Set down each of the records below exactly as it reads. No pictures go into the copy.

····················

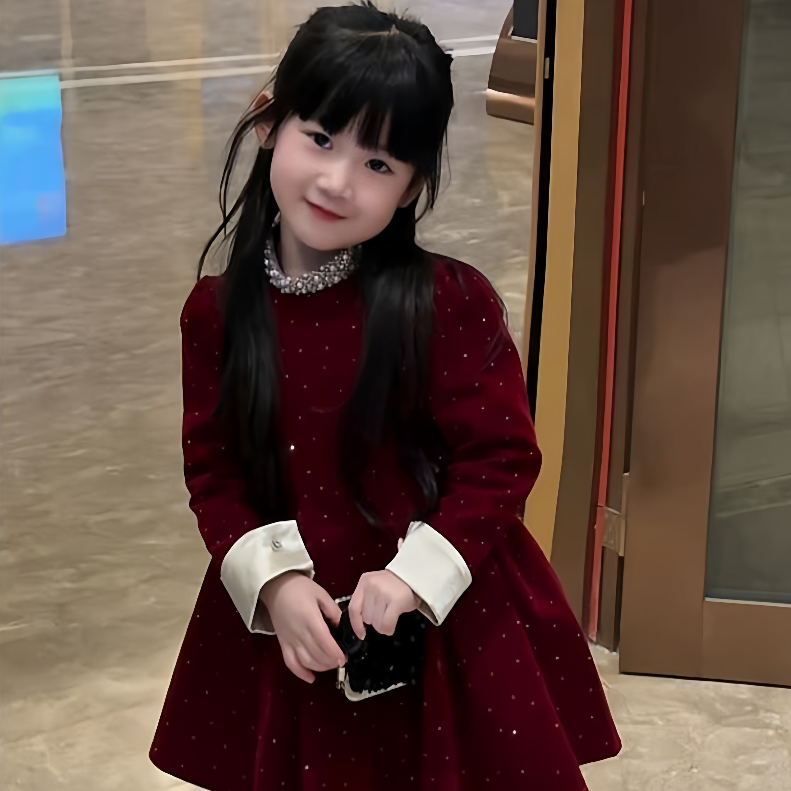 2026新款女童加绒连衣裙珍珠立领丝绒蓬蓬裙小女孩宴会红色裙气质
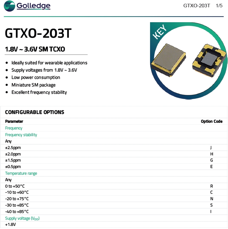 Golledge晶體,高利奇晶振,GTXO-203T晶體振蕩器.為對應低電源電壓的產品.(DC+1.8V±0.1V to +2.9V±0.1V對應IC可能) 高度:高0.8 mm,體積:0.0022 cm3,重量:0.008 g,小型,輕型,低消耗電流,表面貼片型產品.(可對應回流焊)無鉛產品.滿足無鉛焊盤的高溫回流溫度曲線要求,帶有AFC(頻率控制)功能,Enable/Disable功能,產品本身可根據使用需要進行選擇.
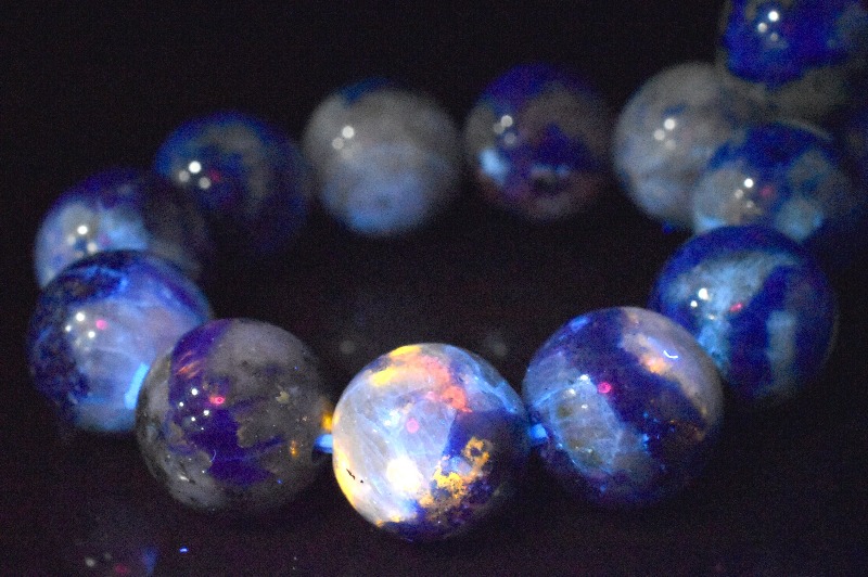 同じファトクロミズムの特徴をもつ石たちの中でも、ハックマナイトは紫外線を当ててから一定時間変色が持続するという珍しい性質があり、コレクターの間でも高い人気を誇ってます。
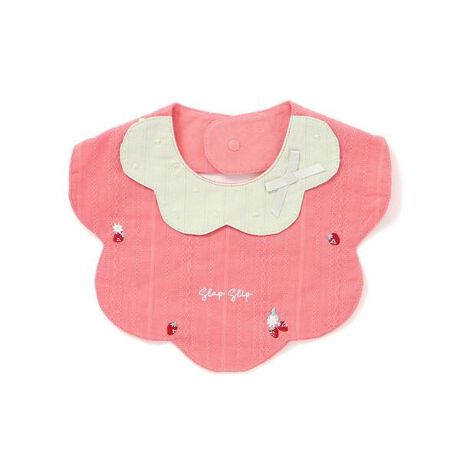 グリーンの襟はヘタをイメージしていて、スタイ全体が大きなイチゴみたいになっているのがポイントです。
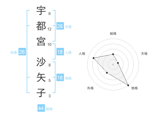 宇都宮 沙矢子さんを姓名の画数から五運を鑑定

····················

→ **TASK RESPONSE**:
 2026新款女童加绒连衣裙珍珠立领丝绒蓬蓬裙小女孩宴会红色裙气质
 Golledge晶體,高利奇晶振,GTXO-203T晶體振蕩器.為對應低電源電壓的產品.(DC+1.8V±0.1V to +2.9V±0.1V對應IC可能) 高度:高0.8 mm,體積:0.0022 cm3,重量:0.008 g,小型,輕型,低消耗電流,表面貼片型產品.(可對應回流焊)無鉛產品.滿足無鉛焊盤的高溫回流溫度曲線要求,帶有AFC(頻率控制)功能,Enable/Disable功能,產品本身可根據使用需要進行選擇.
 同じファトクロミズムの特徴をもつ石たちの中でも、ハックマナイトは紫外線を当ててから一定時間変色が持続するという珍しい性質があり、コレクターの間でも高い人気を誇ってます。
 グリーンの襟はヘタをイメージしていて、スタイ全体が大きなイチゴみたいになっているのがポイントです。
 宇都宮 沙矢子さんを姓名の画数から五運を鑑定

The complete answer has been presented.